→ To do
Would you restate every entry below word for word? Leave out the pictures.

→ Data shown
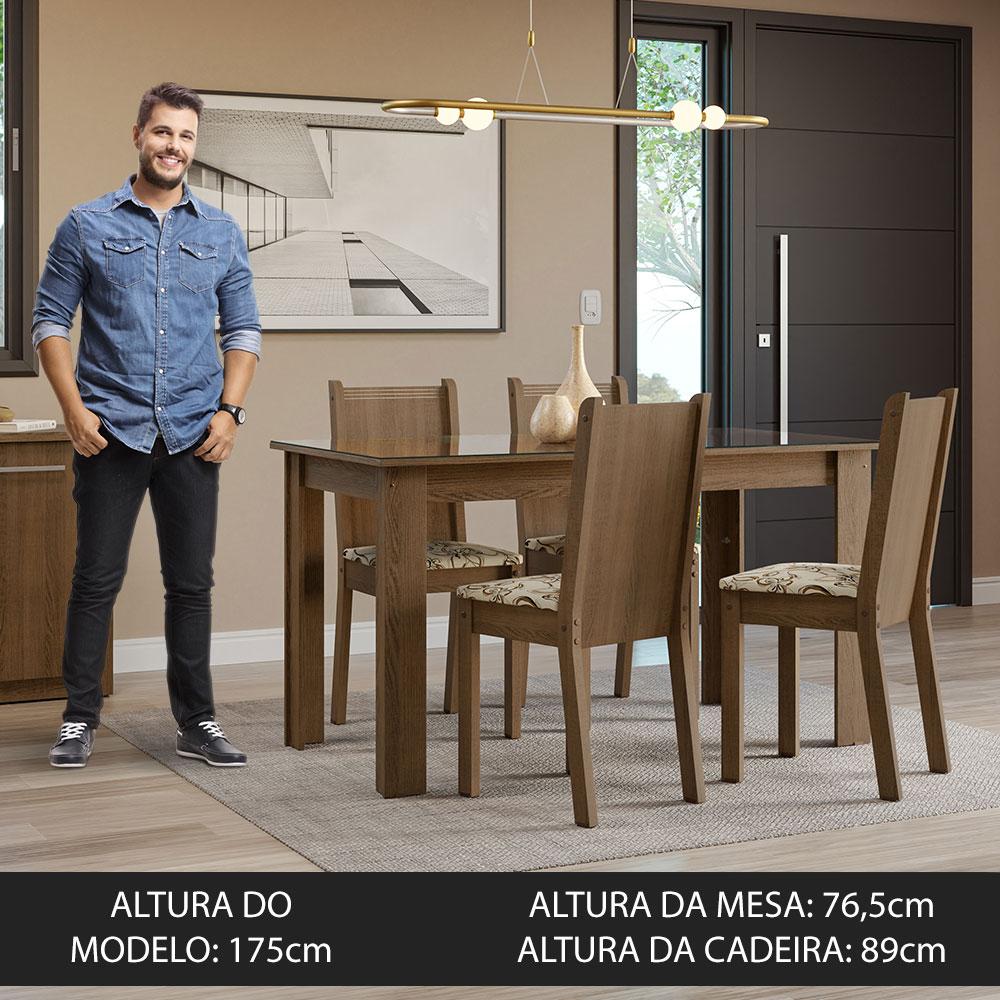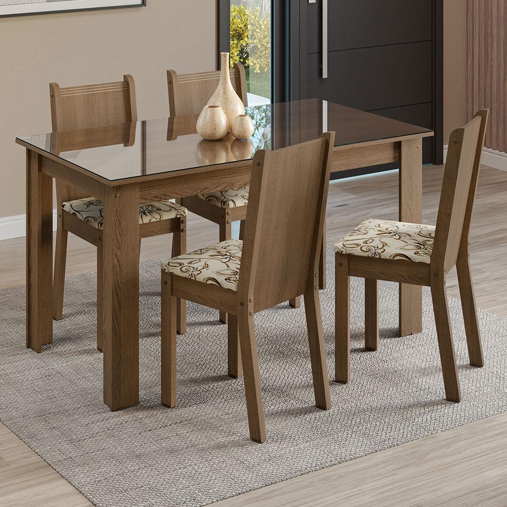 Conjunto Sala de Jantar Mesa Tampo de Vidro 4 Cadeiras Rustic/Lírio Bege Kiara Madesa
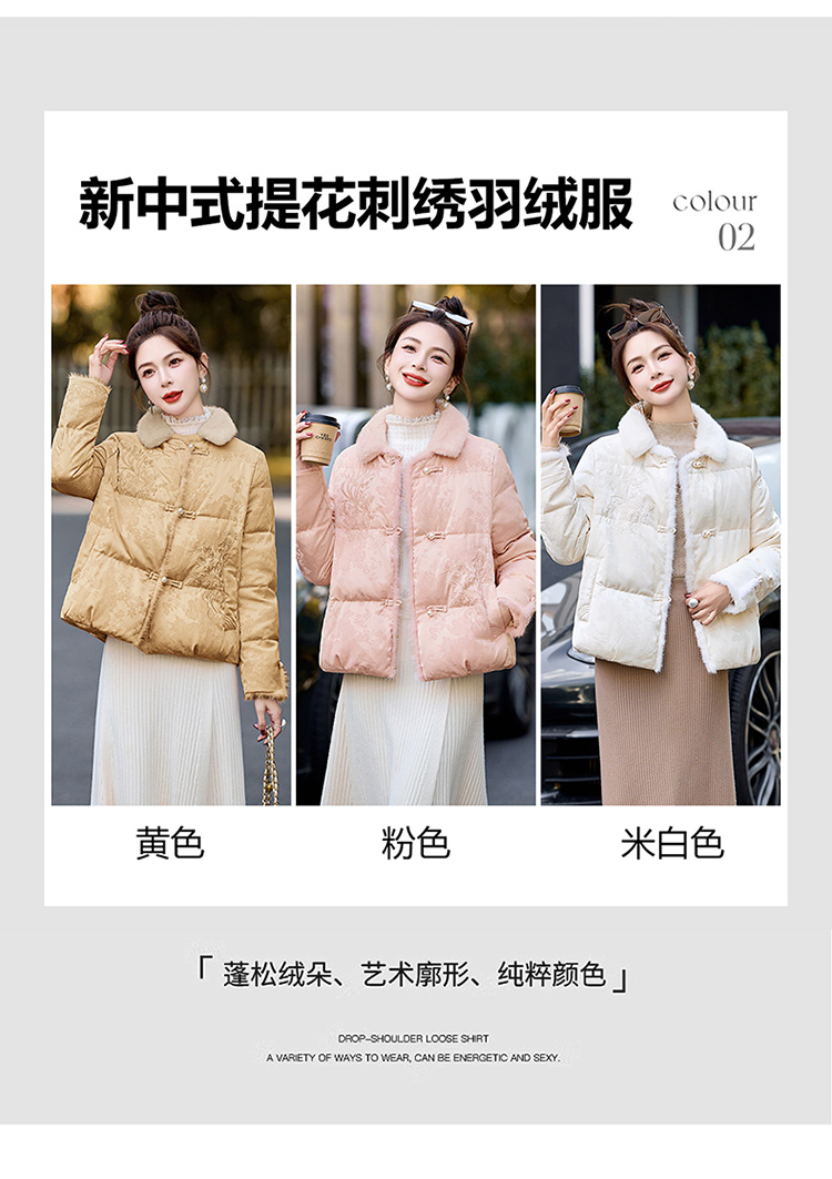 时尚新中式风国风刺绣羽绒服,显瘦好看气质外套HR-MEIQIN9668-1
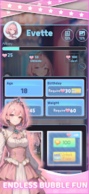 Secret Bubbles - Pop Girl ist ein unterhaltsames Bubble-Shooter-Spiel, das auf Android-Geräten verfügbar ist. In diesem Spiel schießen die Spieler auf langsam fallende Blasen, um verschiedene Aufgaben zu erfüllen und gleichzeitig beliebte Mädchen freizuschalten. Die Kombination aus Geschicklichkeit und Sammelelementen sorgt für ein fesselndes Spielerlebnis. Zusätzlich können Spieler die automatische Schussfunktion aktivieren, um das Gameplay zu erleichtern und dennoch Fortschritte zu erzielen.
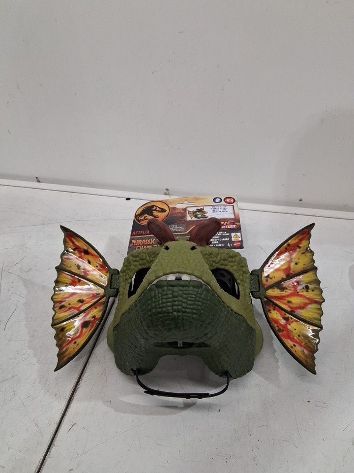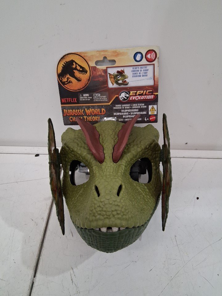 Mattel Jurassic World Dilophosaurus Role Play Mask with Venom Launchin Water Feature, Sound & Adjustable Frill - OSFM - green (model: hxf55)
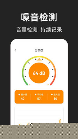 2. **应对环境噪音评估需求**:在现代都市,噪音污染日益受到关注,无论是评估办公环境、检查居家隔音,还是关心学习环境的安静程度,用户都需要一个便捷的测量工具,内置的高精度分贝仪,能够持续监测环境声级,并以清晰的数字和曲线图呈现,帮助用户量化噪音水平,做出相应的环境调整决策。
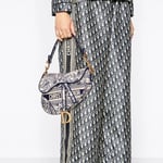 Maria Grazia Chiuri brings a fresh update to the iconic Saddle bag. The design is fully embroidered with the hallmark blue Toile de Jouy motif, further enhanced by a ‘CHRISTIAN DIOR’ signature on the front. The legendary design features a Saddle flap with a magnetic ‘D’ stirrup clasp and boasts an antique gold-finish metal ‘CD’ signature on each side of the handle. The bag can be customized with different shoulder straps and may be coordinated with the season’s other Toile de Jouy creations.
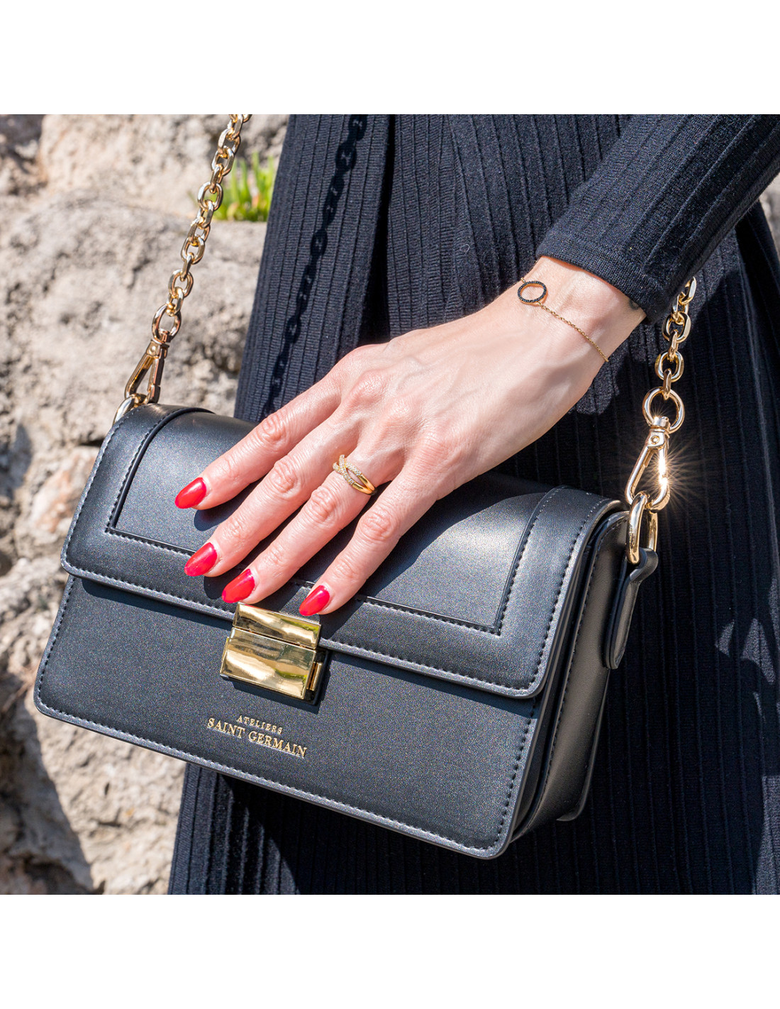 Sac Baguette SAINT CLOUD Porté Épaule - 2 Compartiment dont 1 Zippé - Pochette intérieure Zippée - Bandoulière Amovible Chainage doré avec Cuir épaule - Logo ATELIERS SAINT GERMAIN - Fermeture à Rabat avec Fermoir à Cliquet Doré - Finition Cuir pleine Fleur
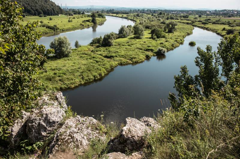 Południowo-wschodnią część obszaru obejmuje Pogórze Wielickie, wykształcone w postaci spłaszczonych garbów o przebiegu równoleżnikowym, których wierzchowiny znajdują się na wysokości 300 - 400 m n.p.m. Garby te są oddzielone płaskodennymi dolinami o szerokości do 1000 m. Obszar zbudowany jest ze skał fliszowych. Ku północy opada wyraźnym progiem denudacyjnym do kotlin podkarpackich. Krajobraz pogórza jest charakterystyczny dla gmin Świątniki Górne, Mogilany oraz południowej części gminy Skawina, gdzie graniczy od północy z Bramą Krakowską. Stanowi ona część doliny Wisły, wykształconej w postaci płaskiej trasy zalewowej, znajdującej się na wysokości 207 - 212 m n.p.m., rozciętej licznymi starorzeczami. Warto tu wyróżnić obszar Rowu Skawińskiego, czyli rowu tektonicznego obejmującego wąską dolinę Wisły, wypełnionego osadami morskimi miocenu. Jest to region bezleśny, częściowo tylko porośnięty łąkami. W dolinie Wisły warte zobaczenia są dawne meandry - tzn. wiśliska, aby je podziwiać warto udać się do zlokalizowanych w gminie Liszki miejscowości Jeziorzany i Ściejowice.

→ Result
 Conjunto Sala de Jantar Mesa Tampo de Vidro 4 Cadeiras Rustic/Lírio Bege Kiara Madesa
 时尚新中式风国风刺绣羽绒服,显瘦好看气质外套HR-MEIQIN9668-1
 Secret Bubbles - Pop Girl ist ein unterhaltsames Bubble-Shooter-Spiel, das auf Android-Geräten verfügbar ist. In diesem Spiel schießen die Spieler auf langsam fallende Blasen, um verschiedene Aufgaben zu erfüllen und gleichzeitig beliebte Mädchen freizuschalten. Die Kombination aus Geschicklichkeit und Sammelelementen sorgt für ein fesselndes Spielerlebnis. Zusätzlich können Spieler die automatische Schussfunktion aktivieren, um das Gameplay zu erleichtern und dennoch Fortschritte zu erzielen.
 Mattel Jurassic World Dilophosaurus Role Play Mask with Venom Launchin Water Feature, Sound & Adjustable Frill - OSFM - green (model: hxf55)
 2. **应对环境噪音评估需求**:在现代都市,噪音污染日益受到关注,无论是评估办公环境、检查居家隔音,还是关心学习环境的安静程度,用户都需要一个便捷的测量工具,内置的高精度分贝仪,能够持续监测环境声级,并以清晰的数字和曲线图呈现,帮助用户量化噪音水平,做出相应的环境调整决策。
 Maria Grazia Chiuri brings a fresh update to the iconic Saddle bag. The design is fully embroidered with the hallmark blue Toile de Jouy motif, further enhanced by a ‘CHRISTIAN DIOR’ signature on the front. The legendary design features a Saddle flap with a magnetic ‘D’ stirrup clasp and boasts an antique gold-finish metal ‘CD’ signature on each side of the handle. The bag can be customized with different shoulder straps and may be coordinated with the season’s other Toile de Jouy creations.
 Sac Baguette SAINT CLOUD Porté Épaule - 2 Compartiment dont 1 Zippé - Pochette intérieure Zippée - Bandoulière Amovible Chainage doré avec Cuir épaule - Logo ATELIERS SAINT GERMAIN - Fermeture à Rabat avec Fermoir à Cliquet Doré - Finition Cuir pleine Fleur
 Południowo-wschodnią część obszaru obejmuje Pogórze Wielickie, wykształcone w postaci spłaszczonych garbów o przebiegu równoleżnikowym, których wierzchowiny znajdują się na wysokości 300 - 400 m n.p.m. Garby te są oddzielone płaskodennymi dolinami o szerokości do 1000 m. Obszar zbudowany jest ze skał fliszowych. Ku północy opada wyraźnym progiem denudacyjnym do kotlin podkarpackich. Krajobraz pogórza jest charakterystyczny dla gmin Świątniki Górne, Mogilany oraz południowej części gminy Skawina, gdzie graniczy od północy z Bramą Krakowską. Stanowi ona część doliny Wisły, wykształconej w postaci płaskiej trasy zalewowej, znajdującej się na wysokości 207 - 212 m n.p.m., rozciętej licznymi starorzeczami. Warto tu wyróżnić obszar Rowu Skawińskiego, czyli rowu tektonicznego obejmującego wąską dolinę Wisły, wypełnionego osadami morskimi miocenu. Jest to region bezleśny, częściowo tylko porośnięty łąkami. W dolinie Wisły warte zobaczenia są dawne meandry - tzn. wiśliska, aby je podziwiać warto udać się do zlokalizowanych w gminie Liszki miejscowości Jeziorzany i Ściejowice.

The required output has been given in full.